Sobre los deseos de cierto sector eclesiástico católico de intervenir en política
La religión atiende a la relación entre un ser asustado y una entidad intelectualmente necesaria, a la que el primero rinde pleitesía, aún a riesgo de que la existencia del segundo sea únicamente fruto de la contingencia del otro.
La historia de los últimos veinte siglos ha traído una notable simplificación de las creencias religiosas, agrupando a los dioses de forma monoteísta, como expresión de coherencia. Si hay un ser superior, tiene que ser superior para todos. Lo que no ha evitado la evolución del pensamiento humano es que la religión se mantenga como uno de los elementos más seguros de distanciamiento entre los humanos. Desde su pretendida proximidad al Dios que hacen venerar, sacerdotes, imanes, rabinos e iluminados de todo tipo, no han dudado en lanzar a guerras santas a sus fieles, ocultando el móvil sustancial del ser humano: el interés económico.
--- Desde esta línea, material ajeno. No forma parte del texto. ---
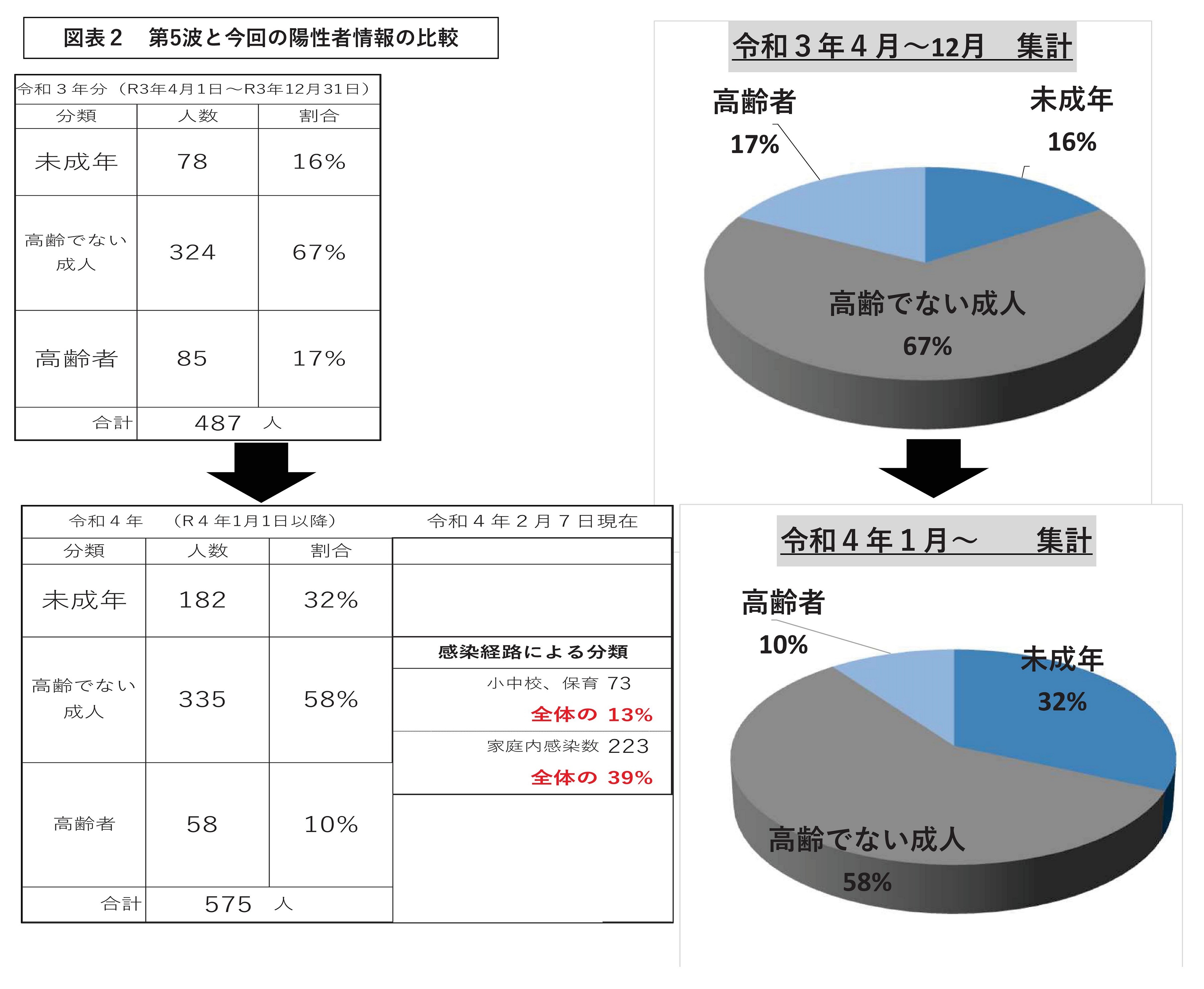 - 第5波では、陽性者は「高齢でない成人」が3分の2(67%)を占めていたが、今回は「未成年者」が非常に多く(5波:16%→今回:38%)、いまのところ高齢者が少ない。

Algunos obispos españoles vienen desde hace algún tiempo apostando por una nueva guerra santa, al parecer, ya olvidado el dolor de la guerra civil de 1936-1939, en el que la Iglesia católica ocupó un papel relevante. De nada ha servido que una parte del clero, liberado de su papel de sumisión al poder terrenal, haya recuperado el contacto con los problemas de los demás mortales, bajando a la arena de la cuestión social, colocándose decididamente del lado de los que menos tienen.
A pesar del poder de convocatoria del cardenal Rouco Varela y sus obispos en la nueva Cruzada contra la hipotética -e indemostrable- actuación del Gobierno de Rodríguez Zapatero contra los designios del Dios que defienden, son mayoría los cristianos y no cristianos que piensan, desde lo profundo de su ser, que los poderes eclesiásticos harían muy bien en preocuparse sustancialmente por mejorar la tolerancia de los creyentes, reconociendo que hace ya mucho tiempo que Dios ha dejado de manifestarse entre los humanos y que, cuando lo hizo -real o imaginado- lo fue, justamente, para predicar el amor entre todos los hombres y decir que había que dar al César lo que era del César.
O sea, no mezclar la política con la religión. Y vaya si acertaba Jesús. Cada vez que lasIglesias inmiscuyen en política, resulta un fiasco, un error histórico, un paso atrás.